Faisons un bond de 18.000 ans dans le futur : il n’y a plus ni rois, ni présidents, ni nations, il n’y a même plus de planète Terre. La race humaine vit aux cent coins de l’univers, et, dans cette ère futuriste, seul règne l’argent et, partant, seuls dominent ceux qui tiennent les cordons de la bourse. Les « magnobankiers », petite caste toute-puissante de sept privilégiés, enlèvent un champion militaire, Xar-Cero, pour lui confier une besogne grassement payée — 110 milliards d’aquadollars, rien que ça ! Deux pages plus loin, la mission est achevée mais pose à Xar-Cero un grave cas de conscience…

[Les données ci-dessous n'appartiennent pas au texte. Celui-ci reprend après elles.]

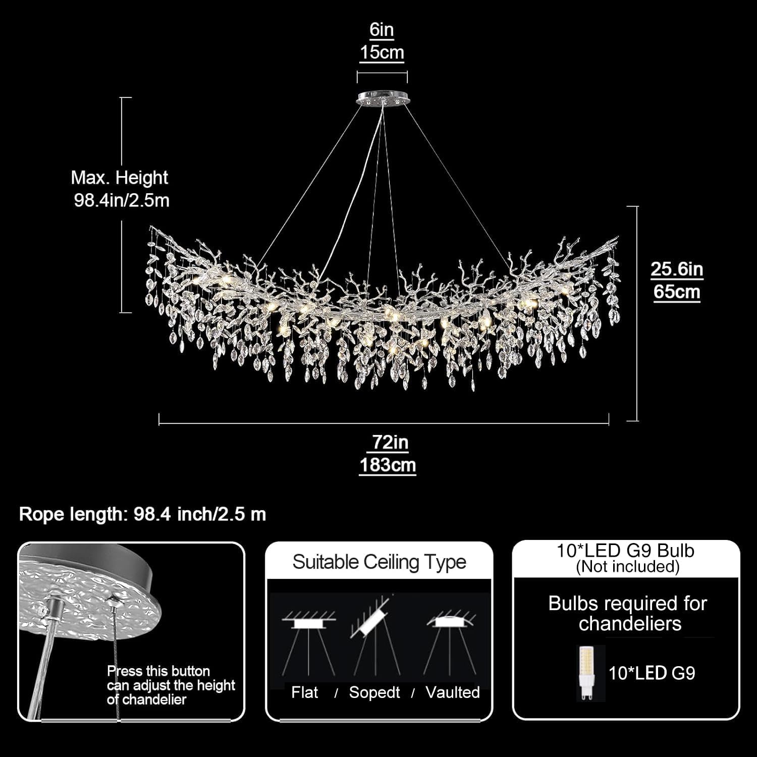 - Humanized Installation:The light body dimensions are L: 72in, W: 20in, H: 25.5in, and the pendant cable is adjustable from 0-71 inches.. The Chandelier'S Branches Are Made Of Aluminum Alloy One-Piece Molding, It'S Light Enough And At The Same Time Provides Enough Support. Each Branch Is Removable And Can Be Easily Assembled. Simply Hang The Crystals From The Branches. (Note: There Are Different Sides Of The Branch, Please Install The Chandelier With The Front Side Facing Up, You Can Also Refer To The Installation Instructions For Installation)

Cet album jubilatoire manie l’art du raccourci et de l’hyperbole avec une virtuosité qui laisse baba. L’action ultra-rapide ne s’embarrasse d’aucune transition, et la narration opère d’audacieux virages à 90 degrés qui voient le héros de l’histoire changer de nom, de statut, de planète, en un clin d’œil. Ballotté d’un bout à l’autre de la galaxie, mais sans jamais rien perdre de sa combativité, Xar-Cero vit une aventure surréaliste dont le propos anti-pouvoir et anti-fric consiste à montrer que l’argent est source de toutes les horreurs possibles — génocides, esclavage, manipulation des mémoires et des esprits, totalitarisme, etc. Scénariste de ce brûlot, Alejandro Jodoroswky jette de l’acide sur les consciences en imaginant des situations aberrantes qui font rire jaune autant qu’elles font froid dans le dos. Dans les phylactères, le langage des puissants ne sert qu’à gueuler des ordres arbitraires, proférer des menaces et des condamnations sans appel, ou cracher des insultes, tandis que le dessin hyper-maîtrisé de Pete Woods, par ailleurs illustrateur pour Marvel et DC, fait défiler une galerie de visages férocement expressifs, tout à fait dans le ton de la plume punk de « Jodo ». Le premier tome de ce space-opéra anar sera en librairie le 6 novembre 2024. On guette d’ores et déjà la suite, l’ensemble devant constituer un diptyque.